The MPLA has presided over the resurgence of Luanda, a once-decrepit seaside town that has turned into a building construction site. Human rights officials complain that poor Angolans have been forced from their downtown homes to distant suburbs with no electricity, water or transport, to make way for luxury high-rise apartment buildings.
Both UNITA and the coalition have complained of the uneven playing field in the election and the possibilities for fraud. Opposition parties are particularly concerned that votes will not be counted until they reach the National Electoral Commission in Luanda. UNITA leader Isaias Samakuva said he has confirmed that soldiers in the Military Affairs Cabinet that reports directly to the president's office have been installed there as logistical supervisors. The same thing happened in 2008 when the military was involved in transportation, distribution and handling of ballots, ballots boxes and minutes for election results, according to Chatham House, the London-based independent policy institute.

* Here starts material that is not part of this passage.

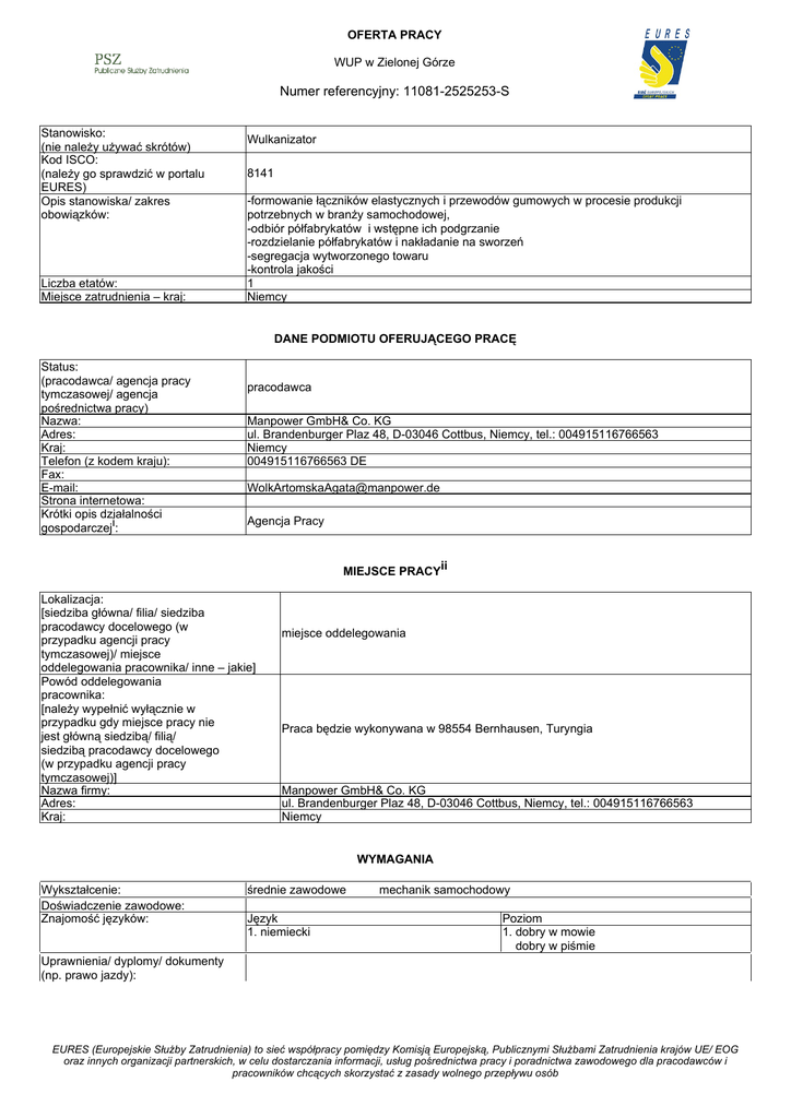 OFERTA PRACY WUP w Zielonej Górze Numer referencyjny: 11081-2525253-S Stanowisko: (nie należy używać skrótów) Kod ISCO: (należy go sprawdzić w portalu EURES) Opis stanowiska/ zakres obowiązków: Liczba etatów: Miejsce zatrudnienia – kraj: Wulkanizator 8141 -formowanie łączników elastycznych i przewodów gumowych w procesie produkcji potrzebnych w branży samochodowej, -odbiór półfabrykatów i wstępne ich podgrzanie -rozdzielanie półfabrykatów i nakładanie na sworzeń -segregacja wytworzonego towaru -kontrola jakości 1 Niemcy DANE PODMIOTU OFERUJĄCEGO PRACĘ Status: (pracodawca/ agencja pracy tymczasowej/ agencja pośrednictwa pracy) Nazwa: Adres: Kraj: Telefon (z kodem kraju): Fax: E-mail: Strona internetowa: Krótki opis działalności gospodarczeji: pracodawca Manpower GmbH& Co. KG ul. Brandenburger Plaz 48, D-03046 Cottbus, Niemcy, tel.: 004915116766563 Niemcy 004915116766563 DE [email protected] Agencja Pracy MIEJSCE PRACYii Lokalizacja: [siedziba główna/ filia/ siedziba pracodawcy docelowego (w przypadku agencji pracy tymczasowej)/ miejsce oddelegowania pracownika/ inne – jakie] Powód oddelegowania pracownika: [należy wypełnić wyłącznie w przypadku gdy miejsce pracy nie jest główną siedzibą/ filią/ siedzibą pracodawcy docelowego (w przypadku agencji pracy tymczasowej)] Nazwa firmy: Adres: Kraj: miejsce oddelegowania Praca będzie wykonywana w 98554 Bernhausen, Turyngia Manpower GmbH& Co. KG ul. Brandenburger Plaz 48, D-03046 Cottbus, Niemcy, tel.: 004915116766563 Niemcy WYMAGANIA Wykształcenie: Doświadczenie zawodowe: Znajomość języków: średnie zawodowe Język 1. niemiecki mechanik samochodowy Poziom 1. dobry w mowie dobry w piśmie Uprawnienia/ dyplomy/ dokumenty (np. prawo jazdy): EURES (Europejskie Służby Zatrudnienia) to sieć współpracy pomiędzy Komisją Europejską, Publicznymi Służbami Zatrudnienia krajów UE/ EOG oraz innych organizacji partnerskich, w celu dostarczania informacji, usług pośrednictwa pracy i poradnictwa zawodowego dla pracodawców i pracowników chcących skorzystać z zasady wolnego przepływu osób Inne istotne wymagania: Mile widziane doświadczenie w pracy związanej ze sprawnością manualną ( jako wulkanizator), zdolności manualne, gotowość do pracy na 3 zmiany, komunikatywna znajomość języka niemieckiego, Staż ogółem: 2.0 WYNAGRODZENIE I WARUNKI ZATRUDNIENIA Wysokość pensji brutto: Wysokość pensji netto: Waluta, w jakiej wypłacana jest pensja: Rodzaj stawki wynagrodzenia: (godzinowa/ tygodniowa/ miesięczna/ roczna/ inna) Premie: Dodatkowe świadczenia (zakwaterowanie, wyżywienie, koszty związane ze zmianą miejsca zamieszkania, koszty podróży itp.): Nazwa firmy, z którą zostanie podpisana umowa: Rodzaj umowy: (umowa o pracę, umowa zlecenia, wolontariat, praktyka zawodowa/ staż, praca zdalna, agencja pracy tymczasowej, inne): Wymiar czasu pracy (praca na pełen etat/ część etatu): Czas trwania umowy: (nieokreślony/ określony) 10,00 Liczba godzin tygodniowo: Zmiany i praca w dni wolne: Data rozpoczęcia: Inne informacje: 40,00 Praca na 3 zmiany. 2016-06-06 Praca na 3 zmiany. Euro Czasowy ze stawką godzinową tak Pracodawca pomaga w znalezieniu zakwaterowania. Gwarantuje bezpłatny dojazd z miejscowości Suhl. Manpower GmbH& Co. KG umowa o pracę pełny etat nieokreślony Data wygaśnięcia umowy (w przypadku umowy na czas określony): SPOSÓB SKŁADANIA WNIOSKU Wymagane dokumenty (list motywacyjny, CV itp.): Język, w którym muszą być sporządzone przedkładane dokumenty: Do kogo należy wysłać dokumenty: (do pracodawcy/ doradcy EURES) Gdzie należy wysłać dokumenty: (adres, adres e-mail, nr faksu z kodem kraju itp.) Dane teleadresowe doradcy EURES lub przedstawiciela pracodawcy: (nazwisko, adres, telefon, fax, e-mail itp.) CV niemiecki do pracodawcy drogą elektroniczną podając w tytule maila nazwę stanowiska Vulkanisation [email protected] DODATKOWE INFORMACJE Dodatkowych informacji udziela Pani Marta Maniarska-Wolska 0049 1726522876 WAŻNOŚĆ 2016-05-30 Data publikacji: Termin przedkładania podań o pracę / zakończenia ważności oferty: Uprzejmie informujemy, że skontaktujemy się wyłącznie z wybranymi kandydatami. UWAGA: 1. Umowa z zagranicznym pracodawcą jest zawierana, co do zasady, zgodnie z prawem kraju zatrudnienia. Oznacza to, że wszystkie roszczenia odnośnie warunków, które obejmuje umowa, można kierować wyłącznie do odpowiedniego sądu w kraju zatrudnienia. Publiczne służby zatrudnienia (EURES) nie mogą pośredniczyć ani reprezentować pracownika w sądzie kraju zatrudnienia w przypadku sporu z pracodawcą. 2. Publiczne służby zatrudnienia (EURES) dokładają wszelkich starań, aby zapewnić rzetelność i wiarygodność ofert pracy EURES (Europejskie Służby Zatrudnienia) to sieć współpracy pomiędzy Komisją Europejską, Publicznymi Służbami Zatrudnienia krajów UE/ EOG oraz innych organizacji partnerskich, w celu dostarczania informacji, usług pośrednictwa pracy i poradnictwa zawodowego dla pracodawców i pracowników chcących skorzystać z zasady wolnego przepływu osób zgłoszonych w lokalnym urzędzie pracy. Należy wyjaśnić, że oferta pracy została zgłoszona przez stronę trzecią i EURES nie odpowiada za ewentualne rozbieżności między warunkami pracy określonymi w ofercie pracy i warunkami oferowanymi przez potencjalnego pracodawcę. 3. Publiczne służby zatrudnienia (EURES) informują, że będą zbierać, przetwarzać i przekazywać potencjalnym pracodawcom zgodnie z przepisami dotyczącymi ochrony danych osobowych wszystkie dane osobowe dostarczone przez osoby poszukujące pracy. iInformacje o firmie, takie jak: status prawny, sektor, typ działalności, rodzaj produktów lub świadczonych usług, data rozpoczęcia działalności gospodarczej, liczba pracowników itp. iiMiejsce, w którym będzie wykonywana praca. Należy wypełnić w przypadku gdy: 1) miejsce wykonywania pracy jest inne niż

Dos Santos' party also has a near-monopoly on the national media. It has emphasized the government's reconstruction of the country after the civil war, the president's role as an "architect of peace," improved democracy, housing, educational, health and entrepreneurial projects and job creation.
Still, unemployment stands officially at 26 percent and is much higher among young people.
This southern African nation was a Cold War battlefield for 27 years, with dos Santos' MPLA backed by Cuban soldiers and a Soviet war chest, pitted against UNITA, which was backed by apartheid South Africa and the United States. Half a million people died in the war, more than 4 million ? a third of the population ? was displaced and much infrastructure was destroyed.
Since the war ended in 2002, Angola has dominated the list of the world's fastest growing economies and is sub-Saharan Africa's second-largest oil producer, after Nigeria. Oil-backed credit lines from China ? Angola is China's No. 1 oil supplier and its second biggest importer is the United States ? have fueled a building boom of houses, hospitals, schools, roads and bridges. Average life expectancy went up from 45 in 2002 to 51 in 2011.
But 87 percent of urban Angolans live in shanty towns, often with no access to clean water, according to UNICEF, and more than a third of Angolans live below the poverty line.